India’s manufacturing sector has moved into a cautious “wait-and-watch” mode as the escalating war involving Iran threatens to disrupt critical shipping routes and energy supplies linked to the Gulf region. Automakers, electronics manufacturers and consumer goods exporters are urgently assessing their exposure to supply chains that pass through the volatile corridor.
Industry executives say the conflict has already begun affecting trade flows, with exporters reporting shipment delays, halted consignments and rising logistics costs. War-risk surcharges imposed by shipping companies have sharply increased freight expenses, wiping out margins for several export-oriented manufacturers.
Automobile and two-wheeler makers have issued advisories to their supplier networks, asking vendors to map dependencies on raw materials and components routed through Gulf ports. Key inputs under scrutiny include aluminium alloys, copper, petrochemical derivatives, PVC resins, lubricants, adhesives and electronic components.
Major automakers including Tata Motors, Mahindra & Mahindra, Maruti Suzuki, Hero MotoCorp, Hyundai Motor India and Toyota Kirloskar Motor have not commented publicly on the situation. However, Kia India said it is “closely monitoring the evolving geopolitical situation” and remains in constant communication with its suppliers.
Some manufacturers have already activated crisis management teams similar to the supply-chain “war rooms” set up during the COVID-19 pandemic. Suppliers in major auto hubs such as Pune report an unusually high volume of calls from automakers seeking clarity on supply vulnerabilities.
“We are getting hundreds of calls every day,” said a Pune-based supplier serving Mahindra, Skoda Auto Volkswagen India and Tata Motors. “They are not panicking yet, but they want to be fully prepared if the situation worsens.”

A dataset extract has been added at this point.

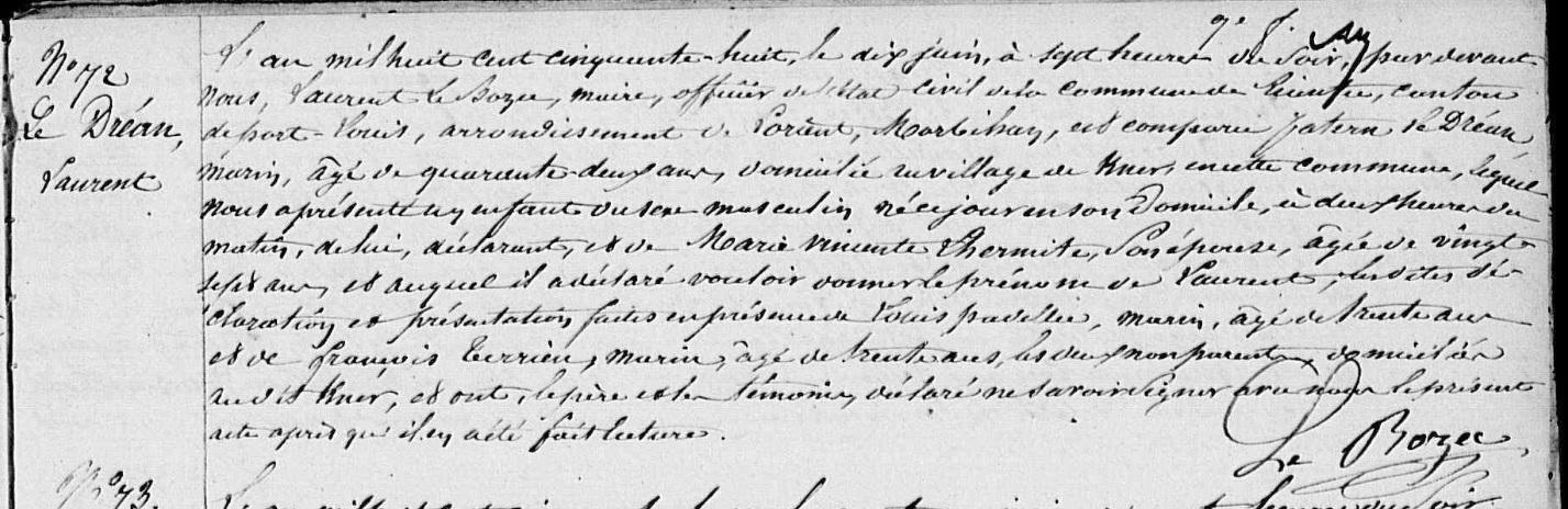 | Naissance DREAN (LE) Laurent - 1858 - Riantec |

Energy supply disruptions are also adding to the pressure on manufacturers. City gas distributor Adani Total Gas has asked commercial and industrial customers to reduce natural gas consumption to 40 per cent of their contracted volumes, warning that usage beyond this limit would be billed at much higher spot market rates.
Similarly, Gujarat Gas has invoked force majeure on certain gas supply agreements following a sharp tightening of regasified LNG availability. In another blow to industry, Indian Oil Corporation has halted propane supply, a move that could severely impact sectors such as ceramics where 70–80 per cent of manufacturers depend on propane as a key fuel.

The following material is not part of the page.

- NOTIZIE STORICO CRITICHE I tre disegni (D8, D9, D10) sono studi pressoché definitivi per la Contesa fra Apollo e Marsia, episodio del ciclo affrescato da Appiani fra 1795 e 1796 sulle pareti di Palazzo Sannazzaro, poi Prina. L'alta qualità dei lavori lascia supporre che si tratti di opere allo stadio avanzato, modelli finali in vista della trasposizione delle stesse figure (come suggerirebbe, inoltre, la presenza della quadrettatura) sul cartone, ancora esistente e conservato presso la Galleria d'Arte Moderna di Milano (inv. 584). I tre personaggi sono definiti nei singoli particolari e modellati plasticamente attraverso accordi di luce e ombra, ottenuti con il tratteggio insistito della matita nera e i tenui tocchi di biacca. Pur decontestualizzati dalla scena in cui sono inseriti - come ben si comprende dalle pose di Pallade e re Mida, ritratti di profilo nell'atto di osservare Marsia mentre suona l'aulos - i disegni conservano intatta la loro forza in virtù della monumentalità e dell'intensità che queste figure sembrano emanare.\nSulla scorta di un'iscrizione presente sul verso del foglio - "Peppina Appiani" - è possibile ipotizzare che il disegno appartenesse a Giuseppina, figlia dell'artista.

The energy squeeze is affecting not only vehicle manufacturers but also ancillary industries such as foundries, forging units and paint shops. Switching from gas to alternative fuels like oil often requires additional capital expenditure, regulatory approvals and technical adjustments—factors that smaller suppliers struggle to manage quickly.
In a letter dated March 9 to the Ministry of Heavy Industries, the Automotive Component Manufacturers Association of India, which represents more than 1,100 component manufacturers, requested at least one month of continued gas supply to enable an orderly transition. The association also sought export credit support and additional working capital assistance for affected firms.

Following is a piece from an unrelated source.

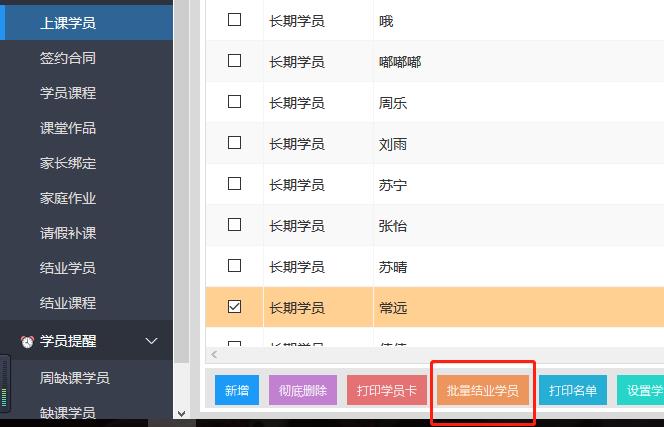 在“学员中心”进入“上课学员”,搜索需要结业的学员后勾选,再进入“批量结业学员”。

The crisis is also rippling through consumer goods and electronics manufacturing. Several exporters have begun scaling back production linked to overseas orders after suspending shipments to Gulf markets.
At AWL Agri Business, executive deputy chairman Angshu Mallick said exports had to be halted because war-risk surcharges would eliminate profit margins. Electronics contract manufacturers have taken similar steps, with export-focused production lines temporarily shut.
Ajay DD Singhania, chief executive of Epack Durable, said production lines manufacturing air conditioners for West Asian markets have been paused. Companies such as Godrej Appliances and Haier Appliances India have also adjusted production schedules in response to the disruption.
Fast-moving consumer goods companies including Parle Products, Emami and Marico, which maintain significant operations in Gulf markets, are also assessing the potential impact.
With factories heavily reliant on raw material flows, energy supplies and shipping lanes that pass through geopolitically sensitive regions, industry leaders say the coming weeks will be critical in determining whether the situation stabilises or triggers wider manufacturing disruptions across India.